TTS significantly reduces this computational cost as it only requires a discretized estimate of the reaction path (*e.g.*, a minimum energy path, MEP) 
and a small numbers of Hessian matrices evaluated at chosen control points (geometries :math:`\mathbf{R}_c, \ c = 1, \dots, N_c`) along the path.
Typically, selecting control points at the reagent and the product minima and the transition state is enough, but one can go as dense as they want.

Setting up
==========

Having calculated the Hesians for the :math:`N_c` control points (and arranged them in an Iterable, *e.g.*, a list `hessians`), one can easily set up the normal mode objects using the `NormalModes` class of the TTS module::

    import transition_tube_sampling as tts
    normalmodes = [tts.NormalModes(h, masses) for h in hessians]

where `masses` is an Iterable of atomic masses used for mass-weighing purposes.
The module has some clever ways of dealing with Hessians from CP2K and ASE, for any other Hessian one must convert it externally to mass-weighted atomic units and 
enter it directly following the documentation below.
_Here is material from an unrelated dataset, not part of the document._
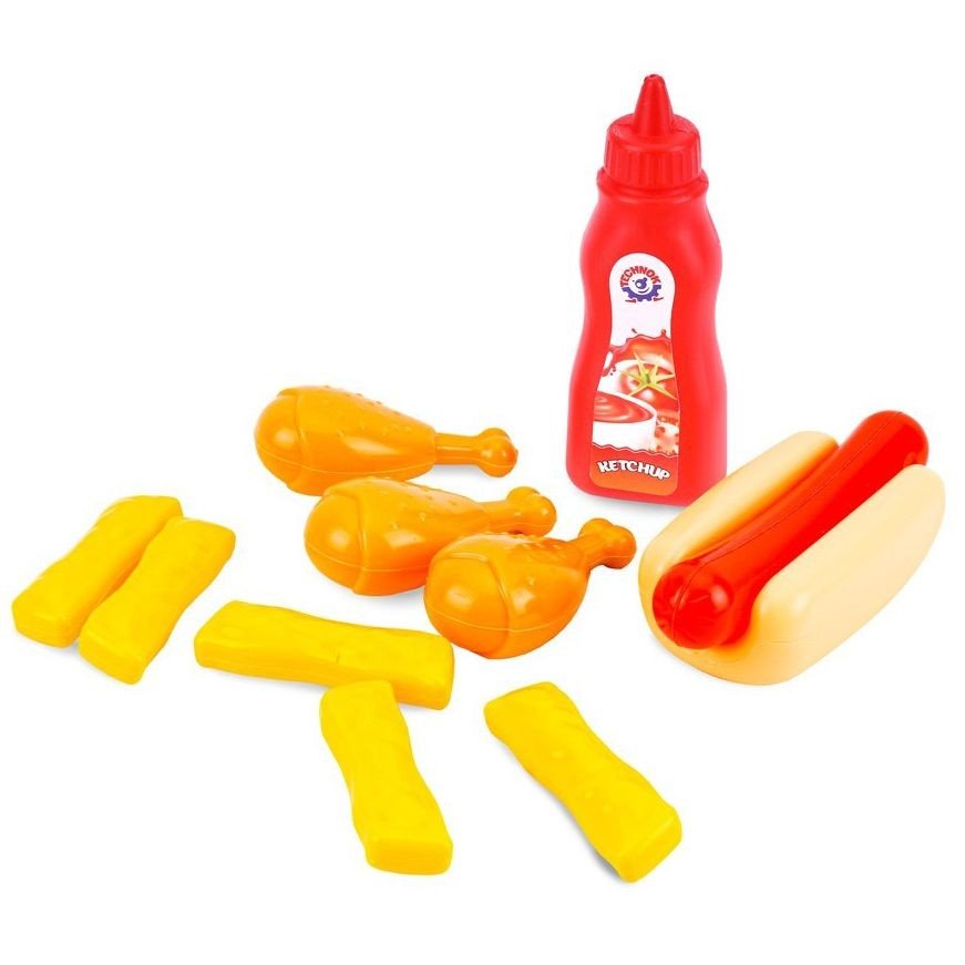 Набір пластикових продуктів у реалістичному дизайні. У комплекті є: 3 курячі гомілки, 5 шматочків картоплі фрі, пляшечка "Кетчуп", хотдог (булочка та сосиска). Різні сюжетно-рольові ігри розвивають у дітей уяву та фантазію, мислення, дрібну моторику, комунікативні та соціальні навички

Once the local modes `normalmodes` are set up, one can move to the TTS itself through the `NormalModeSampling` class, which works in the following way. 
Given the geometries of the MEP listed in an iterable (*e.g.*, `positions`), the code runs a cubic spline through it to have an analytic description of the MEP
and its tangent vectors (derivatives). 
The other output to set up the `NormalModeSampling` class if the control hessians from above, just note that the code requires a dictionary, 
where the keys are *integer indices* of the control points within the discretized MEP (something like `idx_c = [0, 5, 10]` for a control point at the 0th, 5th and 10th position of the MEP).
You can get this easily through, for instance, a dictionary comprehension::

    assert len(normalmodes) == len(idx_c)
    dnormalmodes = {idx: nm for idx, nm in zip(idx_c, normalmodes)}

and now, the `NormalModeSampling` object is set up just using::

    sampling = tts.NormalModeSampling(positions, dnormalmodes)

and is ready to sample new geometries.

Sampling new geometries
=======================

This is achieved through calling the main interface of the class::

   new_geometries = sampling.get_samples(...)

with appropriate parameters.
The way this works is that for each of the :math:`c` control points, this erects a distribution of *reference geometries* :math:`{\mathbf{R}_0}` peaking at the position
of the control point and decaying away.
This encourages using local modes "locally"; summing up over these distributions gives an exactly uniform distribution along the path.
Now, each of the reference geometries is displaced perpendicularly from the path using its assigned control normal modes

.. math::
    \mathbf{R} = \mathbf{R}_0 + \mathcal{M}^{-\frac{1}{2}}\sum_{i=1}^{N_\mathrm{vib}} \Omega_{i,c} \mathbb{\Omega}_{i,c},

where :math:`\mathcal{M}` is the diagonal mass matrix and the values of normal coordinates :math:`\Omega_{i,c}` are sampled from the harmonic Boltzmann distribution

.. math::
    p(\Omega_{1,c}, \dots, \Omega_{N_\mathrm{vib},c})
    =
    \prod_{i=1}^{N_\mathrm{vib}} \mathrm{exp} \left( -\frac{1}{2}\beta\omega_{i,c}^2 \Omega_{i,c}^2 \right)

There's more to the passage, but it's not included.